赵氏父子这两天一直在秋水府衙打听卢家父子的情况,想见卢家父子一面,却始终见不到人。赵奎急得不行,暗想以前大哥有钱的时候没少花钱供这些狗官吃喝花用,但现在却没有一个人愿意伸出援手,哪怕是帮忙传个话,果然是人情冷漠。

赵家父子匆匆用完饭,正商量着要怎么办,就听小二说外面有个叫郑云铎的人要找赵奎。赵氏父子一听,觉得有点奇怪,怎么不是云成或者是郑鑫,而是云朵来了?赵勇出去请了云朵进来。三个客套了一番,云朵开始问起了赵奎这两天打听到的情况。

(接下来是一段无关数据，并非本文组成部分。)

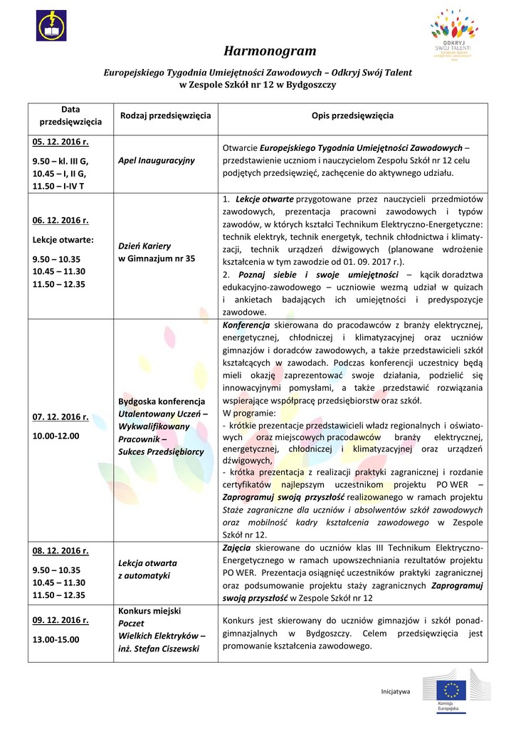 Harmonogram Europejskiego Tygodnia Umiejętności Zawodowych – Odkryj Swój Talent w Zespole Szkół nr 12 w Bydgoszczy Data przedsięwzięcia Rodzaj przedsięwzięcia 05. 12. 2016 r. 9.50 – kl. III G, 10.45 – I, II G, 11.50 – I-IV T Apel Inauguracyjny 06. 12. 2016 r. Lekcje otwarte: 9.50 – 10.35 10.45 – 11.30 11.50 – 12.35 07. 12. 2016 r. 10.00-12.00 Dzień Kariery w Gimnazjum nr 35 Bydgoska konferencja Utalentowany Uczeń – Wykwalifikowany Pracownik – Sukces Przedsiębiorcy 08. 12. 2016 r. 9.50 – 10.35 10.45 – 11.30 11.50 – 12.35 09. 12. 2016 r. 13.00-15.00 Lekcja otwarta z automatyki Konkurs miejski Poczet Wielkich Elektryków – inż. Stefan Ciszewski Opis przedsięwzięcia Otwarcie Europejskiego Tygodnia Umiejętności Zawodowych – przedstawienie uczniom i nauczycielom Zespołu Szkół nr 12 celu podjętych przedsięwzięć, zachęcenie do aktywnego udziału. 1. Lekcje otwarte przygotowane przez nauczycieli przedmiotów zawodowych, prezentacja pracowni zawodowych i typów zawodów, w których kształci Technikum Elektryczno-Energetyczne: technik elektryk, technik energetyk, technik chłodnictwa i klimatyzacji, technik urządzeń dźwigowych (planowane wdrożenie kształcenia w tym zawodzie od 01. 09. 2017 r.). 2. Poznaj siebie i swoje umiejętności – kącik doradztwa edukacyjno-zawodowego – uczniowie wezmą udział w quizach i ankietach badających ich umiejętności i predyspozycje zawodowe. Konferencja skierowana do pracodawców z branży elektrycznej, energetycznej, chłodniczej i klimatyzacyjnej oraz uczniów gimnazjów i doradców zawodowych, a także przedstawicieli szkół kształcących w zawodach. Podczas konferencji uczestnicy będą mieli okazję zaprezentować swoje działania, podzielić się innowacyjnymi pomysłami, a także przedstawić rozwiązania wspierające współpracę przedsiębiorstw oraz szkół. W programie: - krótkie prezentacje przedstawicieli władz regionalnych i oświatowych oraz miejscowych pracodawców branży elektrycznej, energetycznej, chłodniczej i klimatyzacyjnej oraz urządzeń dźwigowych, - krótka prezentacja z realizacji praktyki zagranicznej i rozdanie certyfikatów najlepszym uczestnikom projektu PO WER – Zaprogramuj swoją przyszłość realizowanego w ramach projektu Staże zagraniczne dla uczniów i absolwentów szkół zawodowych oraz mobilność kadry kształcenia zawodowego w Zespole Szkół nr 12. Zajęcia skierowane do uczniów klas III Technikum ElektrycznoEnergetycznego w ramach upowszechniania rezultatów projektu PO WER. Prezentacja osiągnięć uczestników praktyki zagranicznej oraz podsumowanie projektu staży zagranicznych Zaprogramuj swoją przyszłość w Zespole Szkół nr 12 Konkurs jest skierowany do uczniów gimnazjów i szkół ponadgimnazjalnych w Bydgoszczy. Celem przedsięwzięcia jest promowanie kształcenia zawodowego. Inicjatywa

“世侄啊,这件事情不好办啊,我赵奎在府衙认识的人也不少,平时有什么事都会给点薄面。但是这次不管我说了多少好话,许了他们多大好处,他们就是不肯松口,我们想尽了办法想去见大哥一面,可是这次连银子也不管用了,他们连银子都不敢接啊。”赵奎叹气道“那些当官的都说上面的人下了死命令,事情还没查清之前不能让人探视,现在只能等上面派人来审这个案子,真不知道大哥这次得罪的是什么人!”

赵奎在商场上打滚了十几二十年了,对官场上的做派最是了解不过的,平时只要有银子,就几乎没有办不好的事。这次手段如此强硬,想来卢福来得罪的人权势太大,府衙的人迫于权势而不敢通融。

云朵只得安慰道:“赵家伯父,你先不要急,现在看来你这样子是见不到人的,只能试着用其他手段。我现在去府衙大牢看一下,你可知道府衙大牢的具体位置?”

“这可不行,太危险了。”赵奎听说云朵要去夜探大牢,急忙摇头道。“世侄,我很感谢你对这件事如此关心并愿意帮助我们,但是我不能让你去,此事太过危险,万一有什么意外,我无法跟你父母交代。”

“伯父以为我郑家能脱得了关系吗?且不说我爹与卢家伯父的私交甚好,我们郑赵卢三家是整个大政国南方首屈一指的富户,生意上往来密切,富贵早已招人忌恨,趁现在钦差还没有到,牢里看得还没那么严,也许还能查出点蛛丝马迹,要真是等钦差到了,我怕到时卢伯父也没有命了。”说不定现在卢福来就已经没命了。云朵心里暗道。

赵奎终究还是同意了让云朵去大牢里探探。赵奎几年前进去过秋水府的大牢探视过一位犯了事的朋友,故而对大牢的位置还有印象,仔细说了给云朵听。云朵在脑中细细过滤了一遍,觉得没什么问题了,便回到悦来客栈为今晚的行动准备了起来。

秋水府府衙大牢

半夜,云朵穿着夜行衣,蒙着面,身手灵活地避开一拨拨外面巡视的衙差,顺利地进入了府衙大牢。此刻整个大牢的犯人都在睡觉,云朵怕会惊动衙差,也不敢打晕或者对衙差使用迷药,便静静地蛰伏在阴暗处耐心地等待着。云朵发现大概每隔两刻钟,衙差就会巡一遍牢房,看来果然管得很严格。

过了约半个时辰,云朵见巡察完的衙差走后,便使用轻功从黑暗窜出,云朵心中明白像卢福来这样的人应该是单独关在一处,所以专往深处的牢房走去。牢里很黑暗,月光从监牢小小的窗口照了进来,视线仍是很模糊,但对于自小练武的云朵来说,足够了。监牢里充斥着难闻的气味,那些犯人有的在牢里躺着,有的坐着,有的已经睡着了,有的在低声呻吟。但是没有人发现云朵。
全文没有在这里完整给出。